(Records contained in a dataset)
◇ ◇ ◇ ◇ ◇

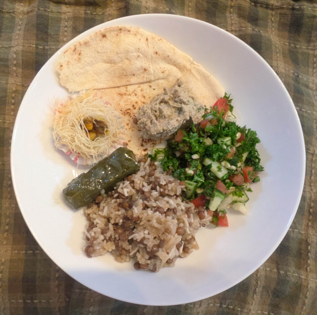 - Mujadara مجدّرة: Black/brown lentils, long grain white rice, yellow onions, olive oil, salt, black pepper, cumin and parsley (for garnish)
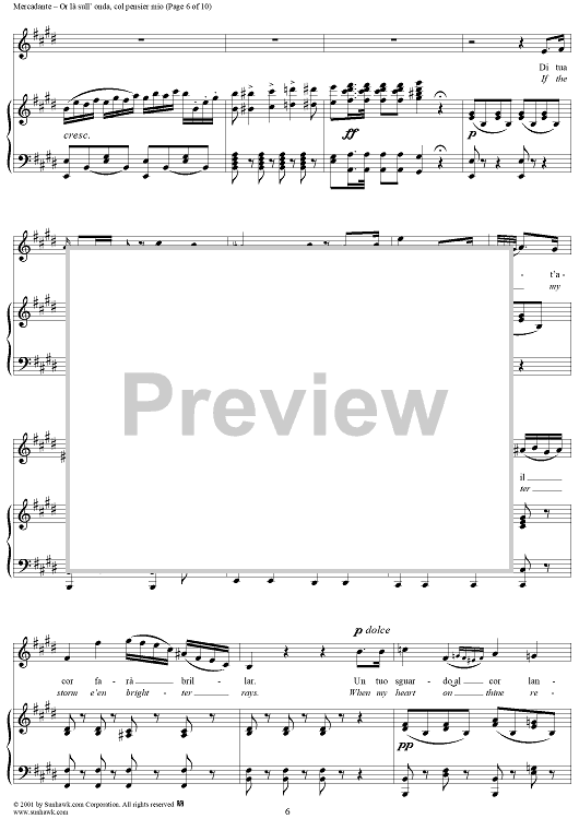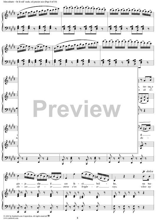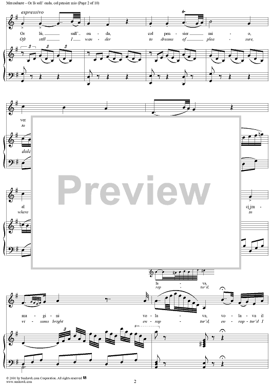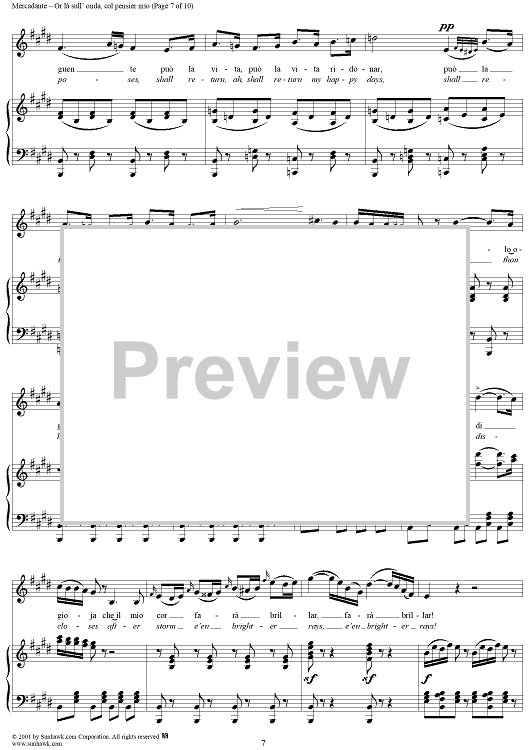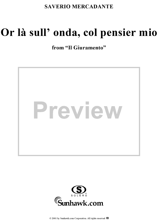 Digital Sheet Music for Or là sull' onda, col pensier mio, from "Il Giuramento" by Saverio Mercadante scored for Voice/Piano; id:273442
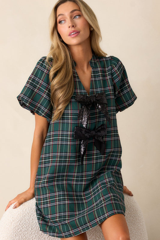 Whispers In The Wind Forest Green Plaid Mini Dress
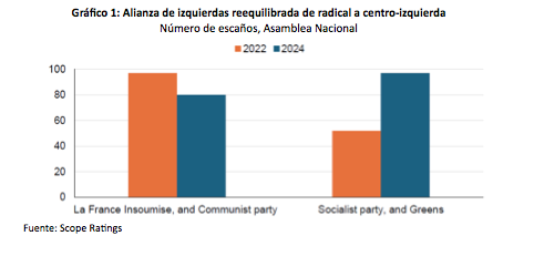 Thomas Gillet y Brian Marly (Scope Ratings) | En Francia, un Parlamento sin mayorías mitigaría el riesgo de desviaciones presupuestarias significativas debidas a los programas políticos de la extrema derecha o la izquierda radical. Sin embargo, es probable que el impulso reformista se estanque, dada la necesidad de compromiso entre los partidos centristas y los extremos. El resultado no concluyente de las elecciones legislativas anticipadas convocadas por el presidente Emmanuel Macron reduce la probabilidad de que el próximo Gobierno de Francia (rating AA/Perspectiva Negativa) implemente una ambiciosa agenda de reformas y consolidación fiscal para hacer frente a los desafíos crediticios del país.
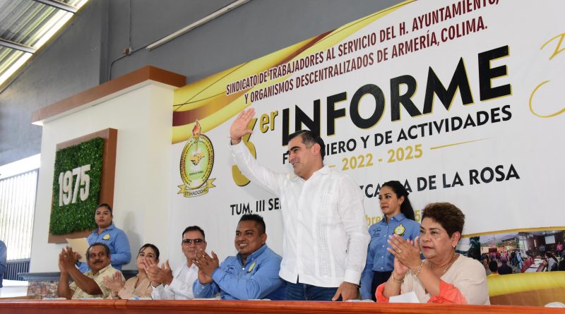 * El alcalde de Colima asistió al Tercer Informe de Actividades del Sindicato de Trabajadores de Armería * Destacó la unidad entre el gobierno y el sindicato para respetar los derechos de los trabajadores.

◇ ◇ ◇ ◇ ◇

» Prompt
Repeat all entries exactly, pictures excluded.

» Task solution
 - Mujadara مجدّرة: Black/brown lentils, long grain white rice, yellow onions, olive oil, salt, black pepper, cumin and parsley (for garnish)
 Digital Sheet Music for Or là sull' onda, col pensier mio, from "Il Giuramento" by Saverio Mercadante scored for Voice/Piano; id:273442
 Whispers In The Wind Forest Green Plaid Mini Dress
 Thomas Gillet y Brian Marly (Scope Ratings) | En Francia, un Parlamento sin mayorías mitigaría el riesgo de desviaciones presupuestarias significativas debidas a los programas políticos de la extrema derecha o la izquierda radical. Sin embargo, es probable que el impulso reformista se estanque, dada la necesidad de compromiso entre los partidos centristas y los extremos. El resultado no concluyente de las elecciones legislativas anticipadas convocadas por el presidente Emmanuel Macron reduce la probabilidad de que el próximo Gobierno de Francia (rating AA/Perspectiva Negativa) implemente una ambiciosa agenda de reformas y consolidación fiscal para hacer frente a los desafíos crediticios del país.
 * El alcalde de Colima asistió al Tercer Informe de Actividades del Sindicato de Trabajadores de Armería * Destacó la unidad entre el gobierno y el sindicato para respetar los derechos de los trabajadores.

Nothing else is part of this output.